2. Operations and Fulfillment

 
  • Maintain accurate records of service authorizations and payer requirements
  • Ensure receipt of initial intake and each POC period paperwork from Individuals served
  • Maintain files of intake paperwork
  • Monitor and communicate information to assist individuals with the transition into Med
  • Waiver or Long-Term care services as they reach the age of 21 years.
  • Communicate with referral sources i.e. nurse case managers and others to maintain relationships
3. Utilization/ Billing/Pay Liaison

 
  • Work closely with internal departments to streamline processes and improve service efficiency.
  • Collaborate with billing department for utilization that is out of parameter.
  • Communicate with service provider and/or Individual served when hours out of sync with authorized amount.
  • Documents all communication with Individuals served, and service providers regarding  utilization parameters.
  • Investigate and resolve underutilization or no utilization to ensure customer service.
  • Communicate with service provider and Individuals served any changes or modification in the service delivery or utilization parameters
  • Enter and modify master schedules in the EVV system.
  • Assist in trouble shooting of service provider pay issues
  • Contact pay representative for matters involving service provider payments (HHA/CNA)

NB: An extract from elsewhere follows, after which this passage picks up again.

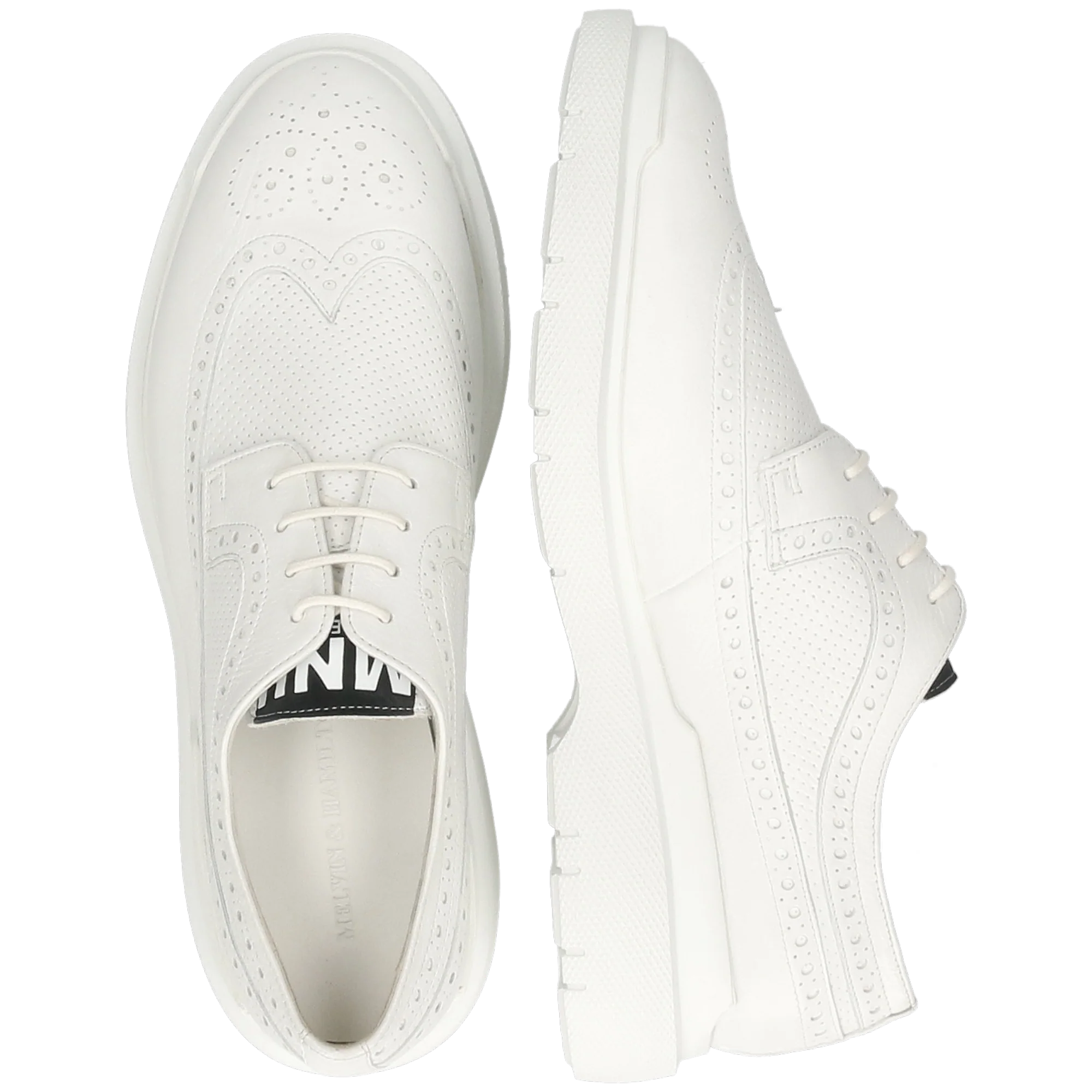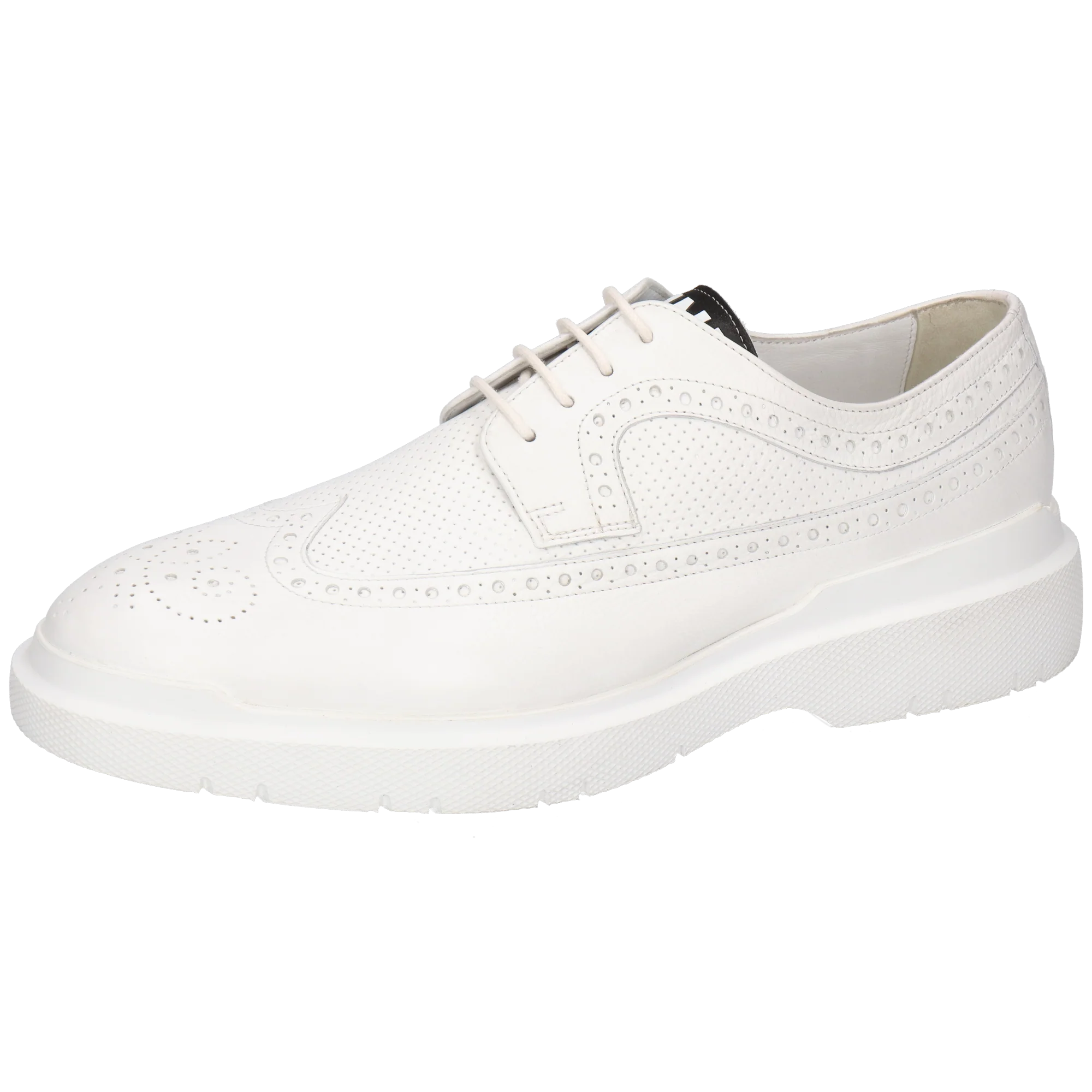 Entdecke nun unsere Leder-Derbys für Herren, aus der neuen Frühlings- und Sommer-Kollektion von Melvin & Hamilton. Die klassisch geformten Schnürschuhe passen zu allen Stilen und sind ein Muss für jede Garderobe. Mit diesem Modell Denison 1 erhälst du hochwertige Qualiät und bestes Design! Setzte ein Fashion-Statement mit diesem Paar Derbys in Weiss gefertigt aus Kuhleder, welche die wärmeren Tage noch ein bisschen bunter und schöner machen werden! Ein bisschen Originalität schadet nie, vor allem nicht bei diesen Schnürschuhen in trendigen Farben und Mustern, dessen Design zudem von einer Sohle aus Gummi in weiß unterstrichen wird. Natürlich alles in gewohnter Melvin & Hamilton-Qualität!

  • Maintain and update the billing utilization spreadsheet to reflect accurate authorizations per Individual served
QUALIFICATIONS
Minimum 1 year experience in a healthcare setting, or home health agency or other service business.
  • Experience working with individuals with intellectual/ developmental disabilities preferred.
  • Minimum 1 experience in a customer service role, either in person or via phone.
  • Spanish and English speaking and writing skills, required
  • HS diploma or equivalent, college coursework or degree preferred
  • Must pass Level II Background screening.
  • Must pass a drug screening.
  • Authorized to work in the United States.